I want to try restoring some saddles.
For the non leather Messingers, Troxels, Lobdel, etc? What material should I buy for the cover? What kind of foam, or? Should I have the springs, etc. powder coated or paint them? Are there any tricks to painting seat springs? Should they be spread?
Thanks,
Chris


----------



## Obi-Wan Schwinnobi (Jan 29, 2014)

fat tire trader said:


> I want to try restoring some saddles.
> For the non leather Messingers, Troxels, Lobdel, etc? What material should I buy for the cover? What kind of foam, or? Should I have the springs, etc. powder coated or paint them? Are there any tricks to painting seat springs? Should they be spread?
> Thanks,
> Chris




Duck cloth I think?


----------



## fat tire trader (Jan 29, 2014)

Is it Duck Cloth?

http://www.bigduckcanvas.com/categories/what-is-duck-cloth.html

http://www.joann.com/jo-ann-stores-duck-canvas-fabric/prd23683.html

I think that there is a Joann store near me, I'll bring a saddle in.
Thanks,
Chris


----------



## Iverider (Jan 29, 2014)

I'd spread the springs at least slightly or you'll have paint pulling itself apart when the saddle is sat upon.


----------



## Andrew Gorman (Jan 29, 2014)

The fabric material on old saddles seems to be oilcloth- not the colorful plastic you can buy now, but canvas with a coating of cured linseed oil/linoleum. 
http://en.wikipedia.org/wiki/Oilcloth
There is some that is still made for buckskinners, but it looks like it is saturated and cured, not with the coating the industrial version had.  Maybe another coated fabric would work?


----------



## Jennifer Parker (Jan 29, 2014)

Upholstery fabric, vinyl, and faux leather for outdoor use. I'd use burlap or cotton felt on the older saddles if that was what they had, otherwise a good closed cell foam would probably be good so it won't take on water if you get rained on. They'll look sweet.


----------



## Jennifer Parker (Jan 29, 2014)

Andrew Gorman said:


> The fabric material on old saddles seems to be oilcloth- not the colorful plastic you can buy now, but canvas with a coating of cured linseed oil/linoleum.
> http://en.wikipedia.org/wiki/Oilcloth
> There is some that is still made for buckskinners, but it looks like it is saturated and cured, not with the coating the industrial version had.  Maybe another coated fabric would work?
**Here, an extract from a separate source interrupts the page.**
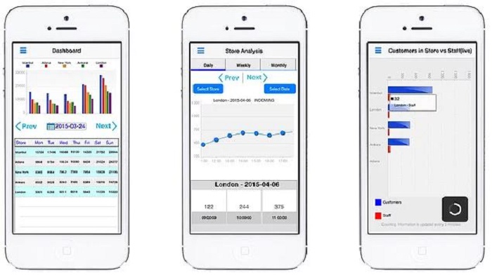 Ứng dụng iOS & Android của máy đếm người 3D cũng có ứng dụng rất riêng có sẵn trên iOS và Android. Điều này có nghĩa là khách hàng cho dù họ là trung tâm mua sắm lớn hay nhà bán lẻ 1 cửa hàng, sẽ có thể theo dõi các báo cáo trên Cloud từ điện thoại thông minh của họ một cách dễ dàng. Trên thực tế, có vẻ như ứng dụng thiết bị thông minh có tính năng mới đầu tiên là hiển thị dữ liệu thời gian thực về số lượng người trong một địa điểm. Vì vậy, nó có thể tính toán khách truy cập vào và ra, và sau đó cho bạn biết có bao nhiêu người trong trung tâm mua sắm của bạn trong thời gian thực. Điều này đã là một yếu tố kéo đối với nhiều người.

Some were treated with melted bees wax, and buffed glossy.


----------



## OldRider (Jan 29, 2014)

I work with Duck fabric for a living, I can honestly vouch for how strong and tough this fabric is. You can also get coated duck for rain protection, even fire retardant duck in case if someone sets fire to your bike  Colors are pretty well endless.


----------